Engineering Contradictions & Design Principles
Engineering Contradiction Analysis
1Device complexity
If a single image in the visible spectrum is used for biometric recognition, then the system is simple to implement, but it is susceptible to fraud and cannot detect new fraud techniques
Solution Approach 1:
The patent transitions from analyzing images in a single wavelength dimension (visible spectrum) to multiple wavelength dimensions (visible and infrared). This dimensional expansion enables the system to capture different physiological characteristics of authentic versus fraudulent subjects, thereby improving fraud detection capability without significantly increasing system complexity
Solution Approach 2:
The patent changes the spectral parameter by acquiring images in different wavelength bands (visible and infrared). This parameter change allows the system to exploit the different optical properties of real human tissue versus fraudulent materials (such as masks or photographs), enabling detection of previously undetectable fraud techniques
2Reliability
If multiple wavelength bands are used for fraud detection, then fraud detection capability is improved, but the system becomes more complex
Solution Approach 1:
The patent employs a unified neural network architecture that processes both visible and infrared images simultaneously. This multi-functional system performs both authentication and fraud detection using a single model, rather than requiring separate systems for each wavelength band, thereby managing complexity while maintaining improved detection capability
Solution Approach 2:
The patent merges the processing of visible and infrared images into a single joint learning framework. By combining the information from multiple wavelength bands within one neural network, the system achieves better fraud detection than separate systems would, while avoiding the complexity of coordinating multiple independent systems
3Measurement precision
If classifiers are trained on known fraud techniques and poses, then they perform well on training data, but their results are unpredictable when confronted with new poses, expressions, or fraud technology
Solution Approach 1:
The patent performs preliminary action by training the neural network on a diverse dataset that includes multiple poses, expressions, and fraud techniques before deployment.
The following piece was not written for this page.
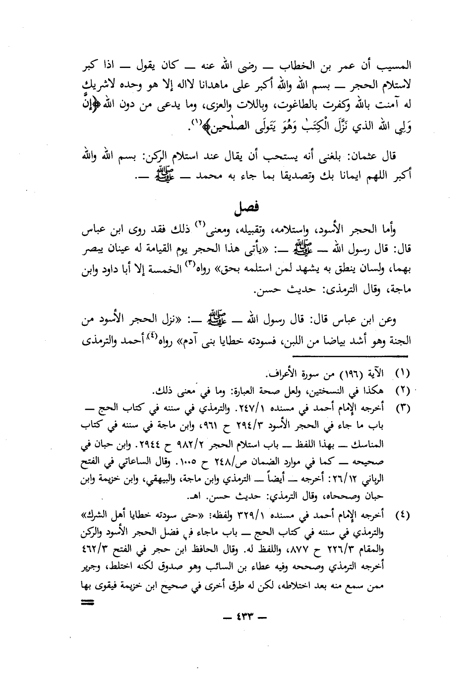 وَأَمَّا الْحَجَرُ الْأَسْوَدُ، وَاسْتِلَامُهُ، وَتَقْبِيلُهُ، وَمَعْنَى ذَلِكَ فَقَدْ رَوَى ابْنُ عَبَّاسٍ قَالَ: قَالَ رَسُولُ اللَّهِ - صَلَّى اللَّهُ عَلَيْهِ وَسَلَّمَ -: («يَأْتِي هَذَا الْحَجَرُ يَوْمَ الْقِيَامَةِ لَهُ عَيْنَانِ يُبْصِرُ بِهِمَا، وَلِسَانٌ يَنْطِقُ بِهِ يَشْهَدُ لِمَنِ اسْتَلَمَهُ بِحَقٍّ»). رَوَاهُ الْخَمْسَةُ إِلَّا أَبَا دَاوُدَ وَابْنَ مَاجَهْ، وَقَالَ التِّرْمِذِيُّ: حَدِيثٌ حَسَنٌ.

This pre-training with varied data enables the system to generalize better to unseen fraud techniques and poses, improving adaptability while maintaining reasonable accuracy on known patterns
Data Source
AI summary
A method for determining fraud in a biometric recognition system including obtaining a first image of a region of interest of a subject in a first wavelength band; obtaining a second image of the region of interest of the subject in a second wavelength band; encoding the first image by means of a first neural encoder, to obtain a first vector representation of the first image; encoding the second image by means of a second neural encoder, to obtain a second vector representation of the second image; computing a measure of similarity between the first vector representation and the second vector representation; and determining a fraud if the similarity measure is below a predefined threshold.